Yaya screamed after the vaccines for about 5 minutes. I held her and took her outside to nurse her in the shade. She called down but hiccuped a bit from all the crying. At home she slept as long as I was holding her. But at 7 became unhappy/uncomfortable. I took her upstairs and we lay down for a while. She had a low fever and was so miserable she had her first ever dose of acetaminophen. Within a half hour she calmed down and fell asleep. She was really unhappy during that half hour, and cried quite a lot.

She woke up her normal times at night, that is around 2-3 am and again at 4 or 5. She usually falls asleep at 9 so she is a very good sleeper.

This morning, she is fine. I am being careful around her vaccination sites, its not red or swollen but it is probably sore. I am just glad that the screaming, crying stopped.

20110607

Opposites

When I was 20 a friend asked me what I looked for in a mate. We talked about the yin yang or opposite person as well as one who was a carbon copy. (Like people these days really know what a carbon copy is.)

I wanted someone to complement* me. Rather like a puzzle piece that felt like it had been missing forever.

Although I knew from early on that Will was perfect for me, its been a rough road. I am a mess. I dislike myself because I am mean and hurtful. I don't tell him that I love him. I don't compliment him enough. I don't know how to show him that I care as much as I do. In fact he often asks me if I dislike him. That breaks my heart because I know that I am not treating him the way he deserves to be treated.
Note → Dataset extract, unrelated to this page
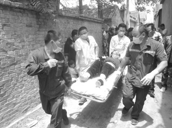 | 医护人员正将精神病患者送往救护车。记者 赵念东 摄 |
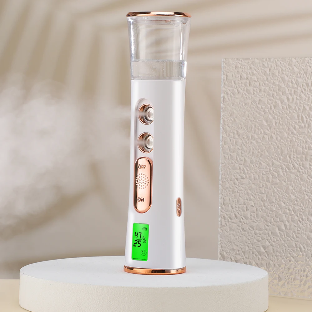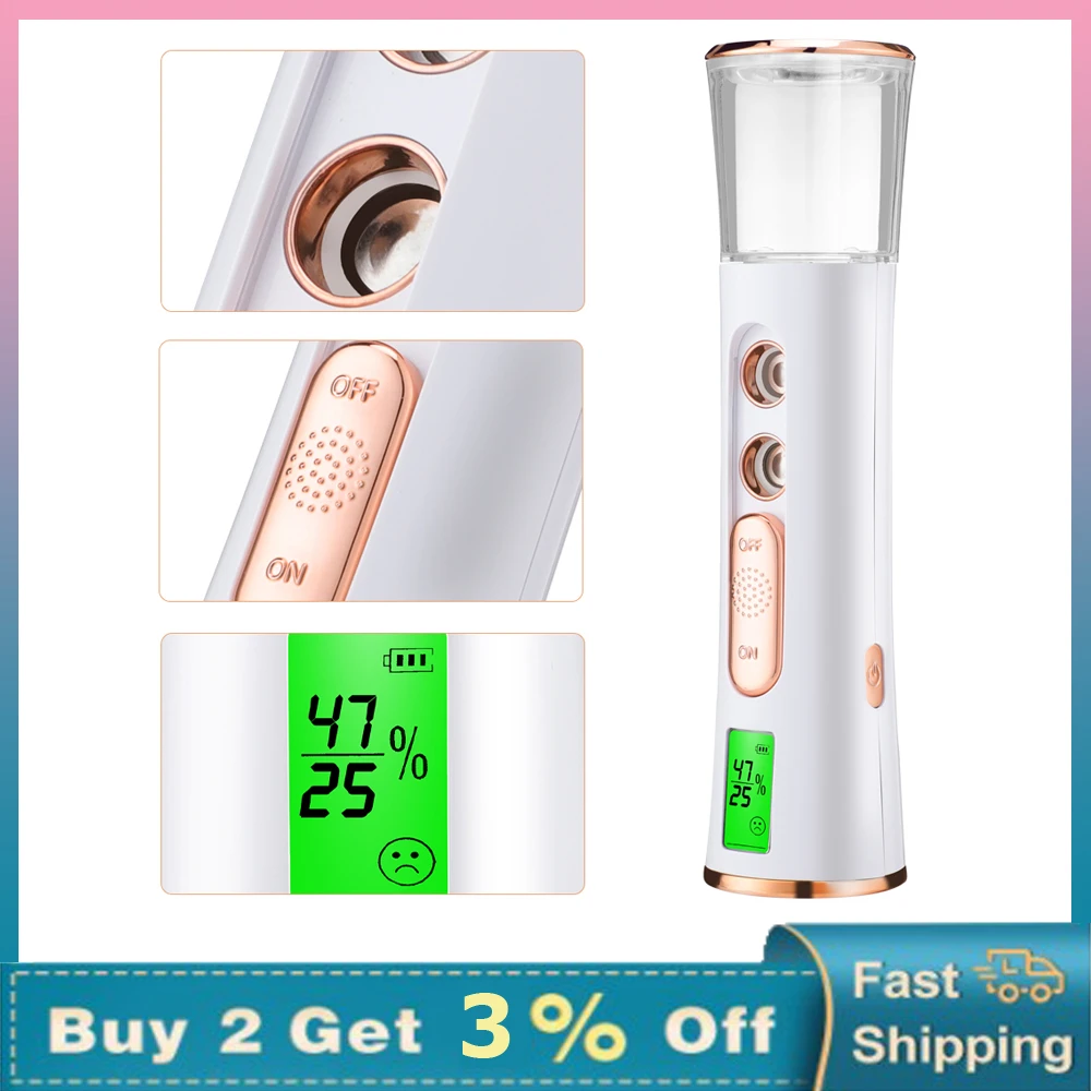 1. Этот нано-Спрей Инструмент для увлажнения увлажняет, восстанавливает, успокаивает кожу и уменьшает секрецию масла, придавая коже лица комфортный спа-салон.2. Водяной туман, распыляемый из резервуара для воды объемом 25 мл, деликатный и мягкий, проникает в нижнюю часть кожи, увлажняет кожу, не повреждая макияж, И улучшает внешний вид плавающего порошка после макияжа.3. Двухструйный дизайн и операции с одной кнопкой делают увлажнение более быстрым и эффективным, бережно ухаживает за кожей и быстро восстанавливает упругость кожи.4. Этот распылитель оснащен светодиодный дисплеем высокой четкости, который может проверить масло кожи и влагу, чтобы помочь вам понять состояние кожи и контролировать баланс кожи.5. Наш распылитель маленький, светильник и портативный, что позволяет вам пополнять воду в любое время и в любом месте, и снимает раздражение кожи, например, тепло, солнечные ожоги или зуд.* Пожалуйста, используйте естественную минеральную воду или водорастворимые жидкости, такие как молоко. Не используйте чистую воду, дистиллированную воду, эфирные масла, гидросолы, вязкие жидкости и т. д.

Sure at the moment I have an excuse. I am attempting to adjust to life as mom of 3. But this isn't a new phenomenon. It isn't even unique to him. I do not know how to show love to a partner. To the kids, I am ok with it. Although I really dislike how I act towards Rhayn, too. But that is a totally other post. (All about my failings as a parent.)

Over time I think Will and I have become more of a yin yang. Our edges are slowly rubbing against one another and becoming a smooth fit**. I can't imagine my life without him and I hope he feels the same way. I know we aren't perfect, neither of us. But really who thinks their relationship is perfect? Aren't there always little imperfections, tiny bumps that keep the parts from fitting perfectly together? Yet with time and patience those bumps can smooth out.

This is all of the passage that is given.